Protecting Transportation Workers and Passengers from COVID: Gaps in Safety, Lessons Learned and Next Steps” – Testimony of William P. Bahnfleth, ASHRAE

Before the U.S. House of Representatives Committee on Transportation and Infrastructure: Hearing on “Protecting Transportation Workers and Passengers from COVID: Gaps in Safety, Lessons Learned and Next Steps” [1]

I am testifying today on behalf of ASHRAE, a professional and technical society made up of more than 55,000 individual members founded in 1894. The President of ASHRAE, Charles Gulledge, also wants to extend his thanks for your investigation of this important subject. He asked me to share his message: “Protecting the transportation workforce and passengers, many of whom are essential workers, is critical for all of us, as those traveling can rapidly spread the coronavirus over large distances. I am delighted that you have called upon the Chair of ASHRAE’s Epidemic Task Force who is one of the leading experts in this field. On behalf of the entire ASHRAE organization, we offer continued technical support to your committee as you work on policies and legislation to make transportation systems safer and healthier.”

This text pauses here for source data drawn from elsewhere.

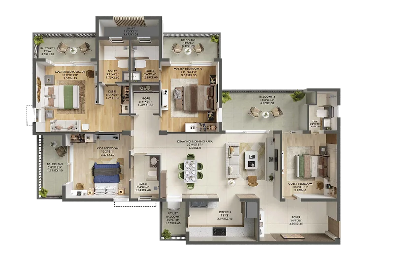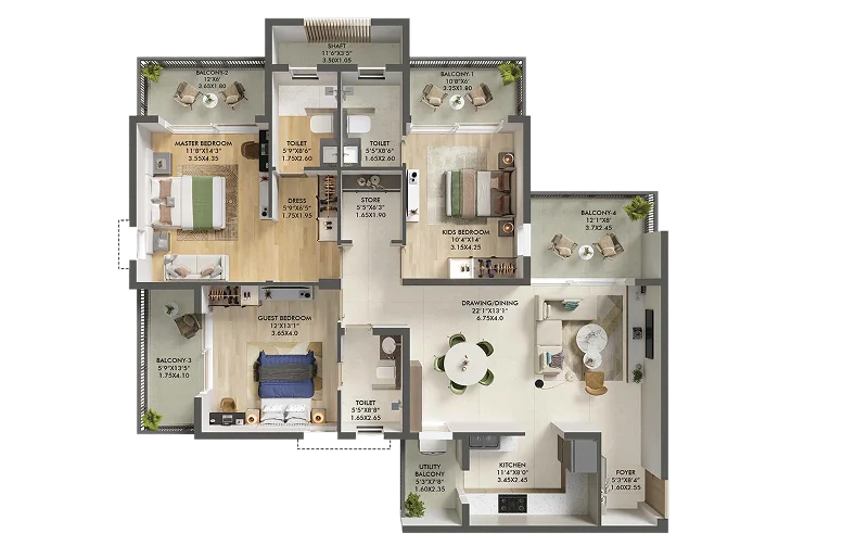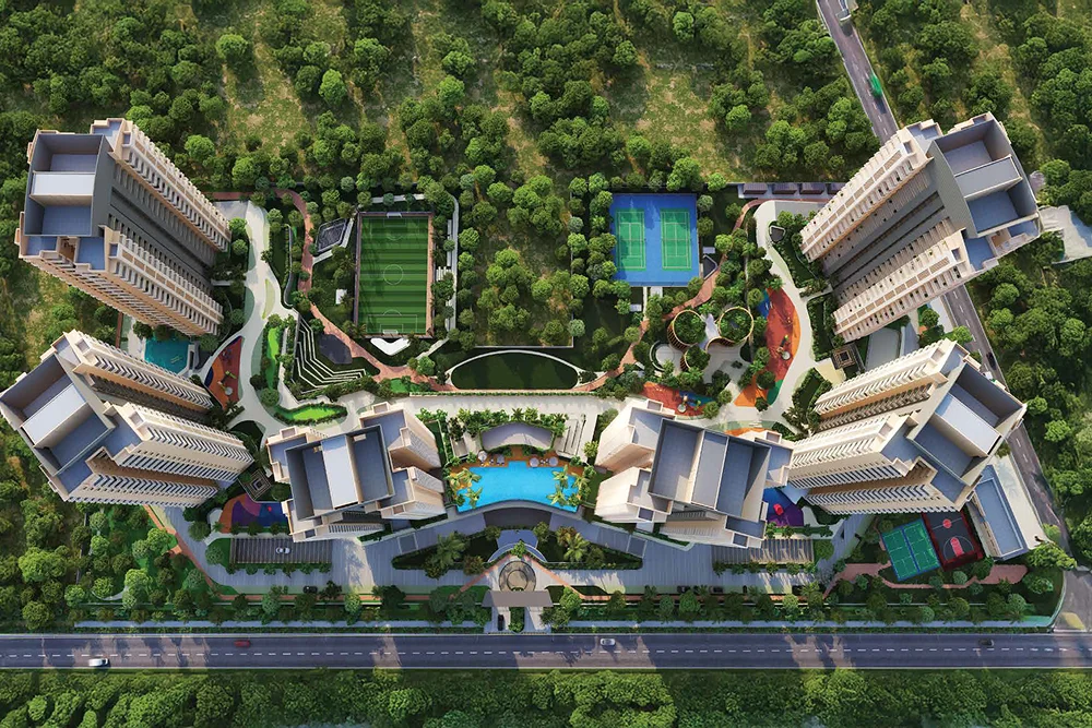 Ashiana Aaroham in Sector 80, Gurugram, is a premium luxury residential community spread across a sprawling 10.08 acres. Designed to offer an elevated lifestyle, the project features beautifully crafted 3, 4 & 5 BHK & Town Houses, each with a spacious private deck and panoramic views of lush green surroundings — delivering the perfect balance of elegance and tranquility. With just 6 towers, Ashiana Aaroham ensures exclusivity and a low-density living experience. Residents enjoy a peaceful, pedestrian-friendly environment with 93% open area and zero vehicular movement on the ground floor. Of the total land parcel, 9.02 acres are thoughtfully dedicated to open and green spaces, promoting a refreshing, sustainable, and community-focused lifestyle.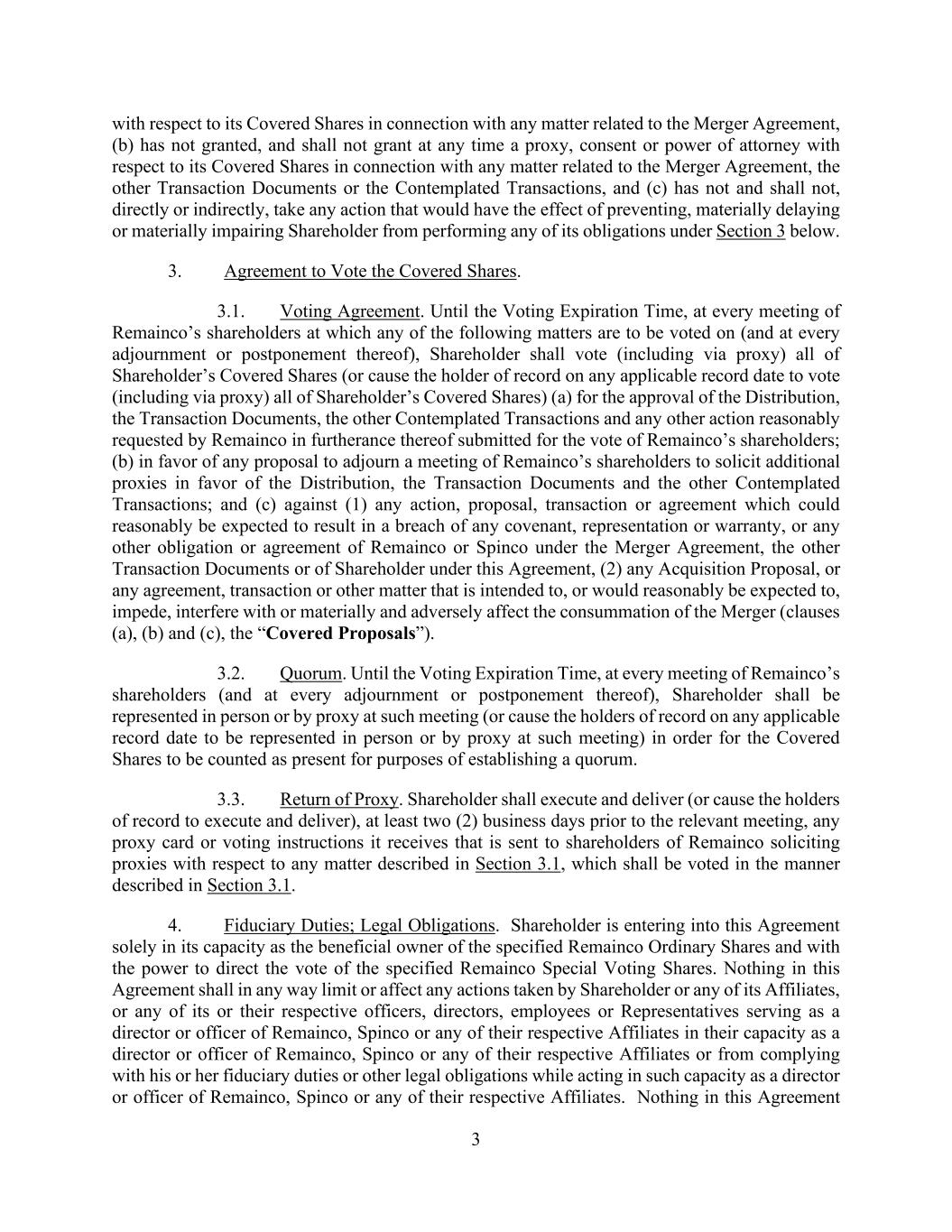 3 with respect to its Covered Shares in connection with any matter related to the Merger Agreement, (b) has not granted, and shall not grant at any time a proxy, consent or power of attorney with respect to its Covered Shares in connection with any matter related to the Merger Agreement, the other Transaction Documents or the Contemplated Transactions, and (c) has not and shall not, directly or indirectly, take any action that would have the effect of preventing, materially delaying or materially impairing Shareholder from performing any of its obligations under Section 3 below. 3. Agreement to Vote the Covered Shares. 3.1. Voting Agreement. Until the Voting Expiration Time, at every meeting of Remainco’s shareholders at which any of the following matters are to be voted on (and at every adjournment or postponement thereof), Shareholder shall vote (including via proxy) all of Shareholder’s Covered Shares (or cause the holder of record on any applicable record date to vote (including via proxy) all of Shareholder’s Covered Shares) (a) for the approval of the Distribution, the Transaction Documents, the other Contemplated Transactions and any other action reasonably requested by Remainco in furtherance thereof submitted for the vote of Remainco’s shareholders; (b) in favor of any proposal to adjourn a meeting of Remainco’s shareholders to solicit additional proxies in favor of the Distribution, the Transaction Documents and the other Contemplated Transactions; and (c) against (1) any action, proposal, transaction or agreement which could reasonably be expected to result in a breach of any covenant, representation or warranty, or any other obligation or agreement of Remainco or Spinco under the Merger Agreement, the other Transaction Documents or of Shareholder under this Agreement, (2) any Acquisition Proposal, or any agreement, transaction or other matter that is intended to, or would reasonably be expected to, impede, interfere with or materially and adversely affect the consummation of the Merger (clauses (a), (b) and (c), the “Covered Proposals”). 3.2. Quorum. Until the Voting Expiration Time, at every meeting of Remainco’s shareholders (and at every adjournment or postponement thereof), Shareholder shall be represented in person or by proxy at such meeting (or cause the holders of record on any applicable record date to be represented in person or by proxy at such meeting) in order for the Covered Shares to be counted as present for purposes of establishing a quorum. 3.3. Return of Proxy. Shareholder shall execute and deliver (or cause the holders of record to execute and deliver), at least two (2) business days prior to the relevant meeting, any proxy card or voting instructions it receives that is sent to shareholders of Remainco soliciting proxies with respect to any matter described in Section 3.1, which shall be voted in the manner described in Section 3.1. 4. Fiduciary Duties; Legal Obligations. Shareholder is entering into this Agreement solely in its capacity as the beneficial owner of the specified Remainco Ordinary Shares and with the power to direct the vote of the specified Remainco Special Voting Shares. Nothing in this Agreement shall in any way limit or affect any actions taken by Shareholder or any of its Affiliates, or any of its or their respective officers, directors, employees or Representatives serving as a director or officer of Remainco, Spinco or any of their respective Affiliates in their capacity as a director or officer of Remainco, Spinco or any of their respective Affiliates or from complying with his or her fiduciary duties or other legal obligations while acting in such capacity as a director or officer of Remainco, Spinco or any of their respective Affiliates. Nothing in this Agreement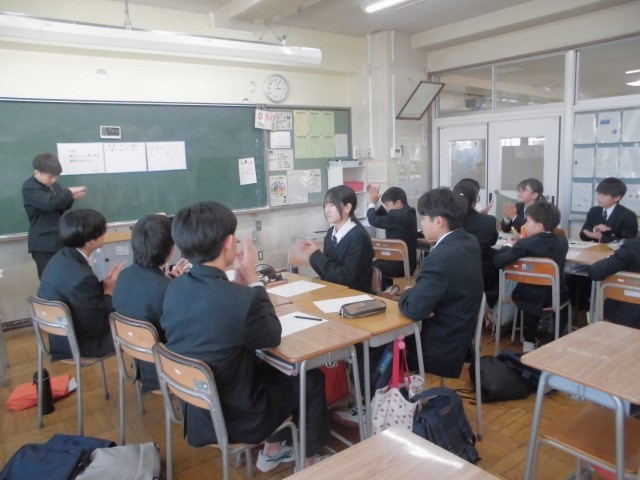 授業のはじめに、生徒たちは「将来、社会の中で自分の役割を果たし、自分らしく生きていくために、どんな力が必要か」を考えました。ホワイトボードには「勉強」「礼儀」「知識」「強いメンタル」「コミュ力」「行動力」「優しさ」「ポジティブ思考」「判断力」など、さまざまな言葉が書き出されました。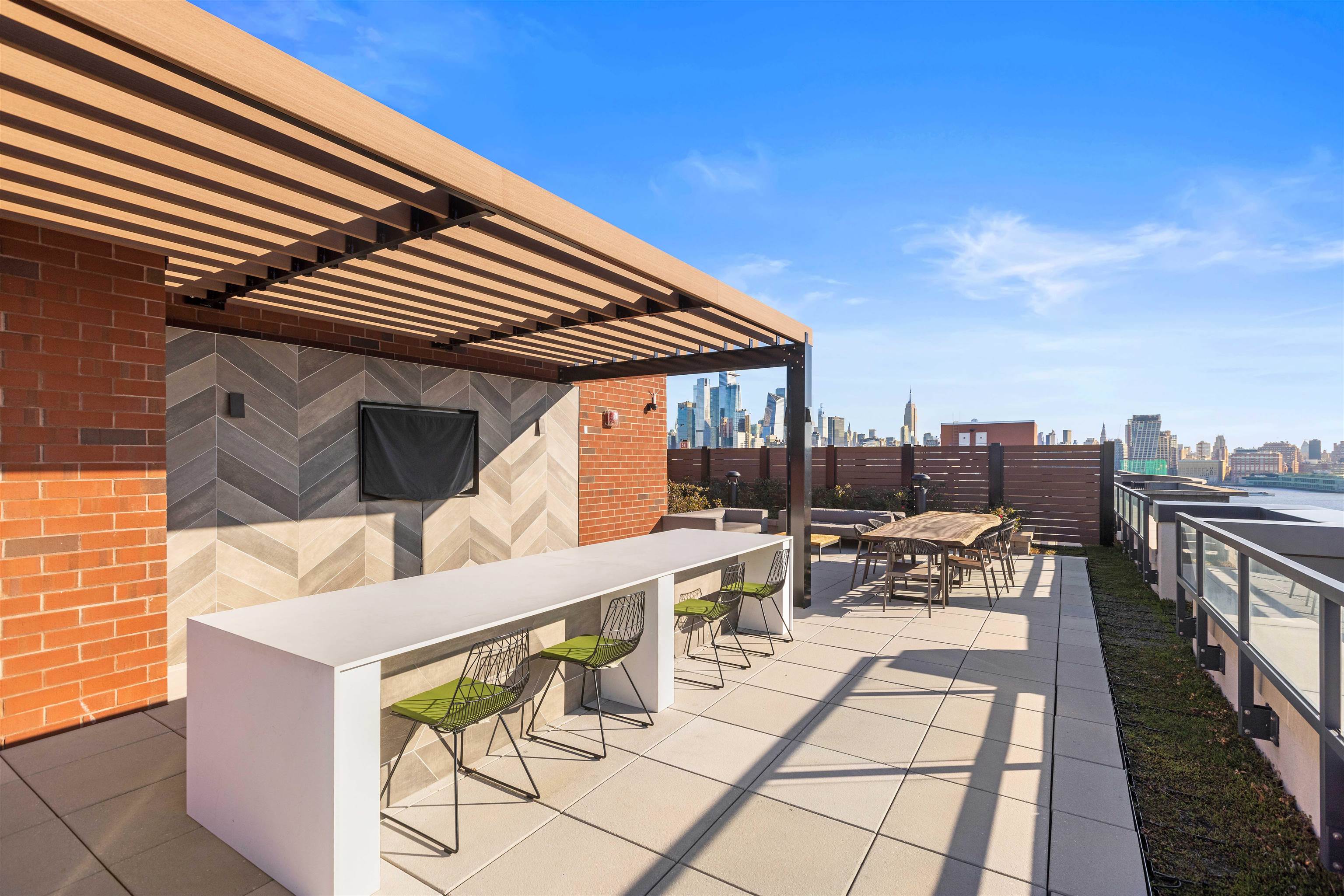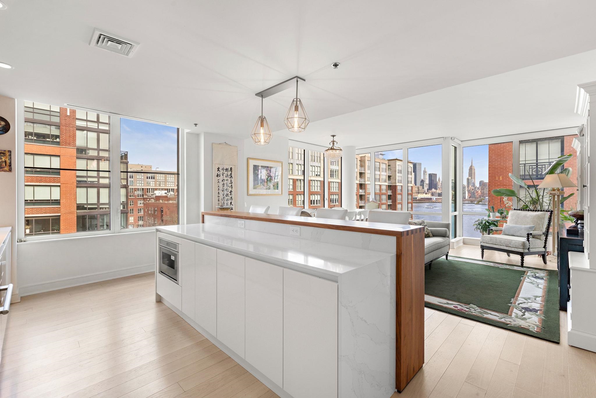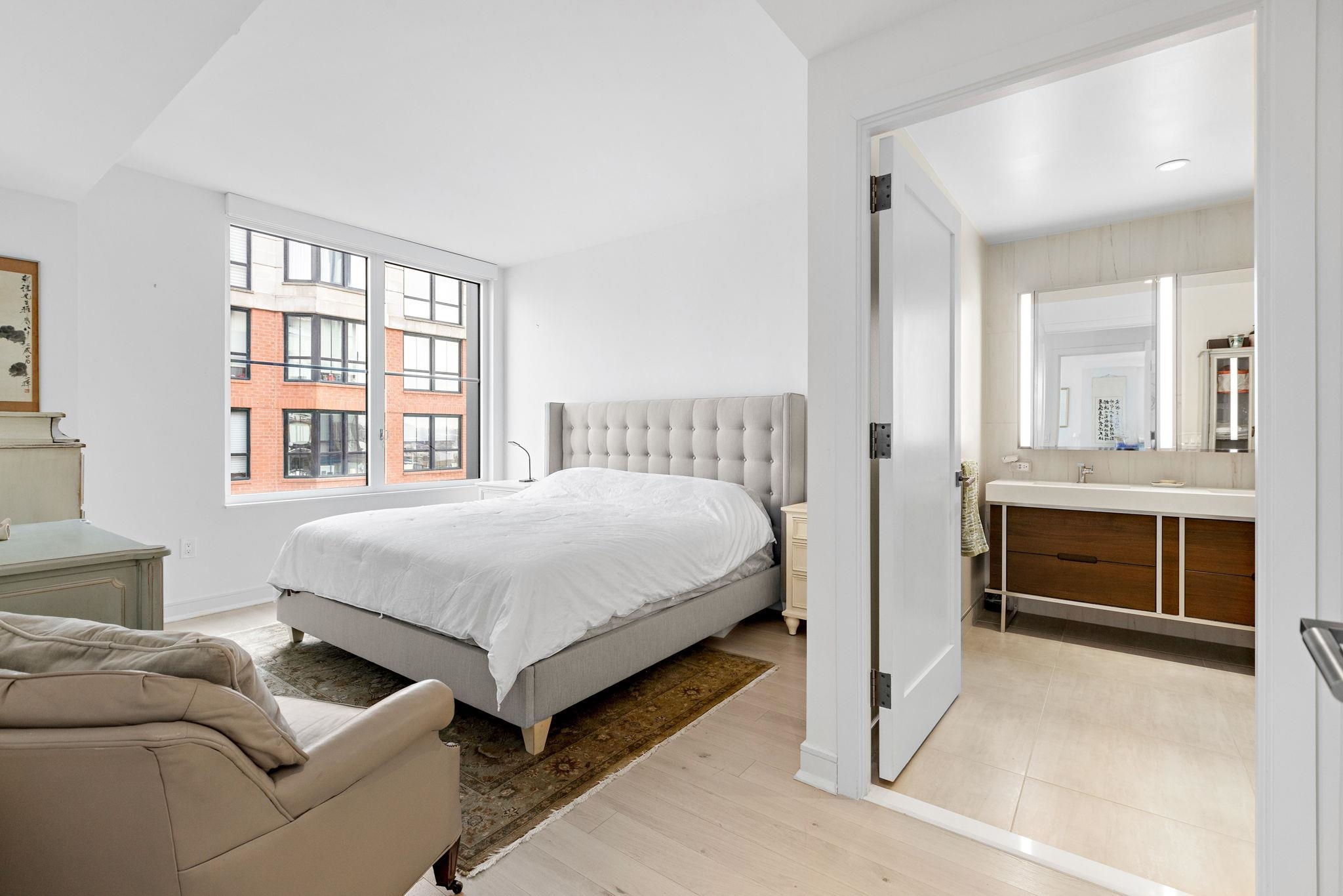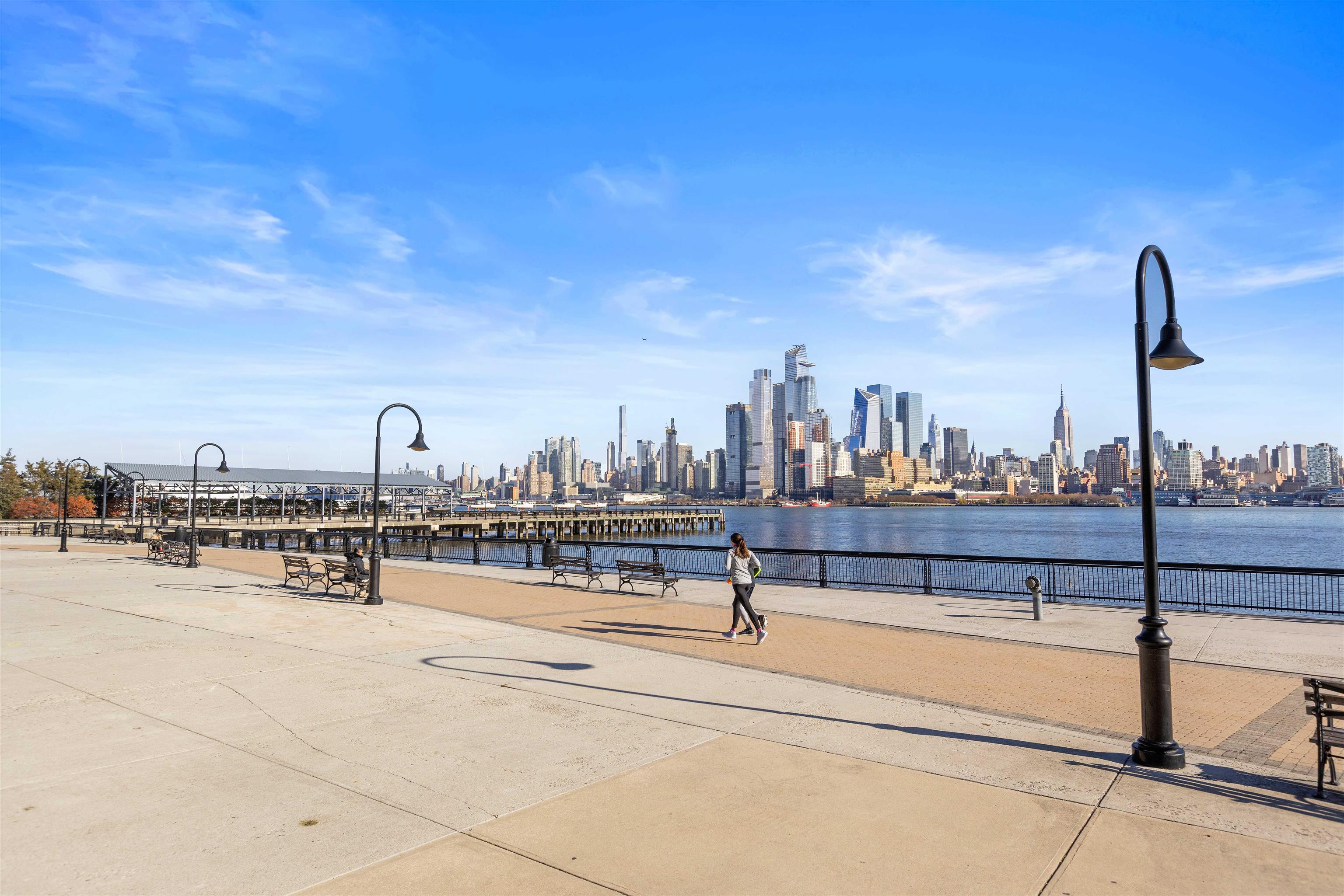 Stunning Northeast corner 1328sqft 2 bed/2 bath with NYC views and parking in the luxury community of 1000 Maxwell, Toll Brothers' newest Hoboken building. The chef's kitchen includes stainless steel appliances, extra-long island, quartz countertops and custom-built modern waterfall walnut cabinetry. The oversized living and dining areas feature floor-to-ceiling windows, showcasing breathtaking NYC/river views. The primary bedroom features a large walk-in closet and spa-like ensuite bathroom. Rounding out this incredible home is a spacious secondary bedroom, additional full bathroom, gleaming hardwood floors, in-unit washer/dryer and 1 licensed parking spot in 1100 Maxwell Ln. The community's luxury amenities include 24/7 concierge and security, a gym, pool, playroom, rooftop deck with BBQ grills, community room, and shuttle service to and from the Path. The building is conveniently located near the NYC Ferry, bus stop, shops, restaurants, and everything that uptown Hoboken has to offer.

In response to the pandemic, ASHRAE formed an Epidemic Task Force last March, which I was appointed to chair. The Task Force is comprised of volunteer members who are experts in the fields of air conditioning, ventilation, filtration and air cleaning. It includes practitioners as well as researchers and academics like myself who have focused their careers on making indoor environments safer and healthier. Importantly, as part of ASHRAE, the task force like all activities at ASHRAE, is free from commercial interests. Our guidance, standards, and other resources are based on science and consensus. The Task Force has produced hundreds of pages of guidance materials, conducted more than a hundred instructional webinars and courses, held briefings for policy makers, and developed summaries of this guidance that can be more accessible to the general public.

ASHRAE’s Epidemic Task Force has produced a 43-page guidance document specific to transportation systems (see [2]). This guidance is based on current understanding of how COVID-19 is transmitted and on the principles of infection controls applicable to indoor environments generally, which includes mobile environments such as cars, trains, buses, aircraft, and ships. I will begin by reviewing those foundational considerations and then relate them to the transportation applications.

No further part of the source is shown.